I have HIV, will my unborn baby contract it?
Musyoki and Mueni were born with HIV, they both died before their fifth birthday. I worry the same fate will befall my unborn child.
Research shows that without treatment, half of the children born with HIV will not live to see their second birthday and one-third will not live long enough to celebrate their first birthday. Sadly, Mueni and Musyoki were a statistic.
HIV can be transmitted to your baby during pregnancy, labor, delivery, or breastfeeding.
Of course, no parent wishes to infect their unborn child with HIV, therefore, it is important to know what needs to be done so that the probability of transmission is reduced.

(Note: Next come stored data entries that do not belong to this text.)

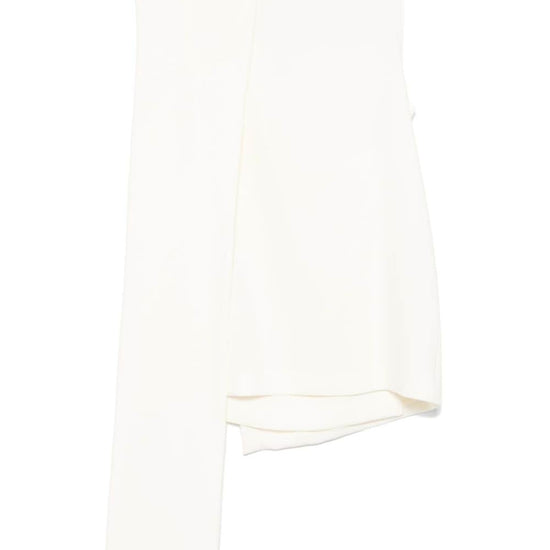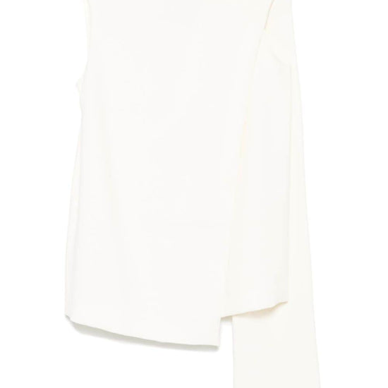 White crepe texture wraparound style side button fastening draped panel detail cowl neck sleeveless partial lining asymmetric hem asymmetric top size and fit - this piece fits true to size. we recommend you get your regular size. model is 1,75m / 5ft 8in wearing size 40 (it)
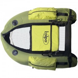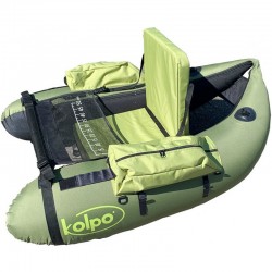Belly Boat con un grande assetto idrodinamico, ottima velocità di spostamento, seduta molto alta in schiuma di Poliureteno extra galleggiante e schienale in Poliuretano rigido per migliorare il confort di pesca.
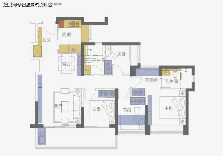 南北通透,通风采光俱佳,餐客厅、阳台一体,轻奢套卧,自带卫浴与衣帽间,更私密舒适,收纳面积超21%,东西再多,全南向四开间,户户无遮挡,约11米面宽。
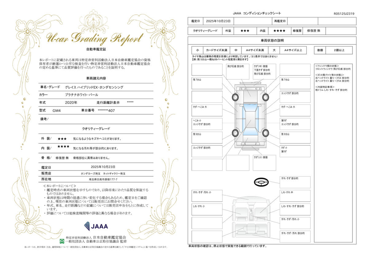 グレイス ハイブリッドEX ホンダセンシング 純正メモリーナビBluetoothドラレコETCRカメラワンオーナー フルセグTV 0561205A30251023W007 1

Thanks to advancements in medical research, you can virtually eliminate the danger of HIV transmission to your unborn child. Here’s is more of what you can do to protect your unborn child:
Antenatal care during your pregnancy
All pregnant women should have an antenatal care appointment as soon as possible – ideally, before 13 weeks of pregnancy. This gives plenty of time to ensure that both mother and baby are in good health. Good antenatal care will also help reduce the risk of HIV transmission and will support you in making important decisions during your pregnancy.
In case you start antenatal care later than 13 weeks it is important to share your HIV status with your Health Care Provider to ensure they take all necessary steps to reduce the chances of HIV transmission to your unborn child.
Health monitoring during pregnancy
HIV-positive pregnant women do not need any extra monitoring for HIV. This should be the same as for any non-pregnant HIV-positive adult.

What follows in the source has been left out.